After he related to his cousin all the precise occurrences in the universe necessary to enable them to become who they were, and to be at that place and at that time, “my cousin turned to me and said, ‘Any girl you would share that with would ask you to marry her right away.’”

“I spent the next week kind of mulling the concepts in my head until it worked out on paper,” Giron says. “I wrote the piece in an hour or two as … (creativity) allows you to do when you are really tuned into an idea.”

Latimer was excited about the poem when he read it, and added his own special touches to it.

“Kirk was brilliant in being able to add imagery and metaphors” and to sharpen phrases, Giron says.

“I remember him calling me and saying, ‘I think this is one of the best poems you’ve ever written.’”

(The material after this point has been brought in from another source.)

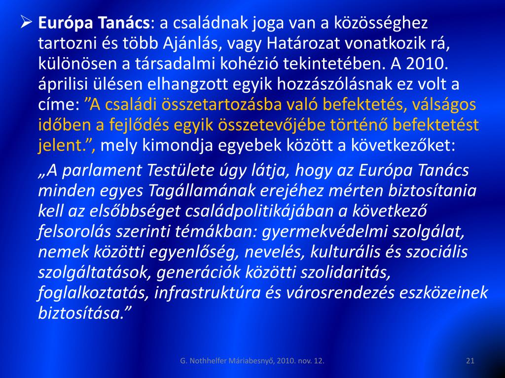 Európa Tanács: a családnak joga van a közösséghez tartozni és több Ajánlás, vagy Határozat vonatkozik rá, különösen a társadalmi kohézió tekintetében. A 2010. áprilisi ülésen elhangzott egyik hozzászólásnak ez volt a címe: ”A családi összetartozásba való befektetés, válságos időben a fejlődés egyik összetevőjébe történő befektetést jelent.”, mely kimondja egyebek között a következőket: „A parlament Testülete úgy látja, hogy az Európa Tanács minden egyes Tagállamának erejéhez mérten biztosítania kell az elsőbbséget családpolitikájában a következő felsorolás szerinti témákban: gyermekvédelmi szolgálat, nemek közötti egyenlőség, nevelés, kulturális és szociális szolgáltatások, generációk közötti szolidaritás, foglalkoztatás, infrastruktúra és városrendezés eszközeinek biztosítása.” G. Nothhelfer Máriabesnyő, 2010. nov. 12.
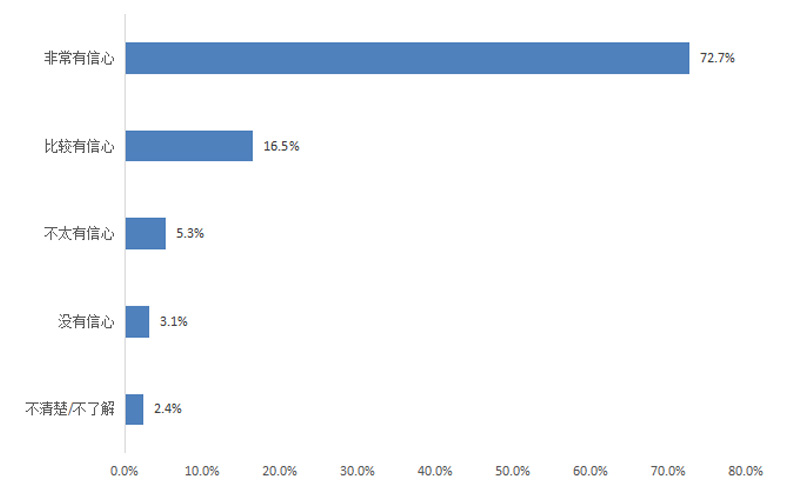 調(diào)查結(jié)果顯示,企業(yè)對在遼寧持續(xù)依法有序生產(chǎn)經(jīng)營的信心為89.2%(“非常有信心”和“比較有信心”比重加權(quán)之和),其中評價“非常有信心”的占72.7%,“比較有信心”的占16.5%,“不太有信心”的占5.3%,“沒有信心”的占3.1%,“不清楚/不了解”的占2.4%。

Gabriel Giron and Kirk Latimer perform a poem
Gabriel Giron (left) and Kirk Latimer perform at the Council of Michigan Foundation’s annual conference in 2011. Courtesy of Kinetic Affect

By that time they had written and performed some 60 poems together, Giron says. Still, Latimer shocked him when he said he had emailed the poem to the STUDIO to consider having it animated.

“Kirk was just a shoot-for-the-stars kind of guy,” Giron says. “Animation is insanely expensive, so I just never would have asked.”

Latimer approached that particular studio because of a past success Kinetic Affect had on an earlier project.

“We had worked with them a couple of years back on another animation that we were doing in collaboration with the W.K. Kellogg Foundation,” Giron says.

But that project, called, “A Simple Question,” was funded by the foundation.

With “Stargazing,” they reached a deal with the STUDIO to make payments over a three-year period, with completion expected this year. 

“Then 2020 happened and my cousin Taylor passed away over the summer and then Kirk died in September,” Giron says.

The animation project could have been stalled or terminated right then, but Giron was determined to carry it on.

“I just felt this strong urge that it was going to come together,” he says.

Receiving assistance from local foundations and the nonprofit Speak It Forward Inc., which Giron and Latimer founded in 2009, Giron was able to get the project completed on schedule.

“I think it’s beautiful,” he says, giving credit to Nick Lobel, “an amazing, talented (music) producer,” with whom they also had collaborated on the previous animated poem.

Meanwhile, Giron, 39, is carrying on what he and Latimer started together in 2006, shortly after they met at a Kalamazoo poetry slam competition, but now as a solo act again.

“The performing I now am doing on my own,” he says. “It’s taking a little adjusting to get back into that pre-2006 form.”

And then there’s also the work of Speak it Forward.

Before Latimer’s death, he and Giron had collaborated with Ed Genesis, who has succeeded Latimer as co-director of Speak It Forward and has helped guide the nonprofit, which focuses on seminars and workshops geared toward struggling youths and adults, into more community work in conjunction with local institutions, particularly as it relates to preventing self-defeating behavior or conditions that lead to homelessness.

Also part of Speak it Forward is an area dear to Giron’s heart: Mindfulness.

“I would always find ways to work that (mindfulness) into our workshops with youth and adults,” says Giron, who founded Mindfulness Over Matter LLC last year. “It’s really about being in the present moment and paying attention to ‘what is.’

“Mindfulness is about paying attention to what we are giving attention to, even unconsciously.”

With the deaths that have occurred to those close to him, and setbacks he has experienced personally (he is a cancer survivor), Giron is finding a way to continue the positive message that he and Latimer started more than a decade ago.

“I had kind of an ‘aha’ (moment) in 2018,” he explains. “I was on a retreat and I realized a lot of us want to be happy … but we don’t institute habitual practices to do that in our life.

“A lot of us have practices of apathy, distraction … we’re more drawn to the negative because of survival instincts.”

“I create habits and routines in my life that perpetuate purpose,” he says.

“So when things get difficult, I have things in place that keep me grounded.”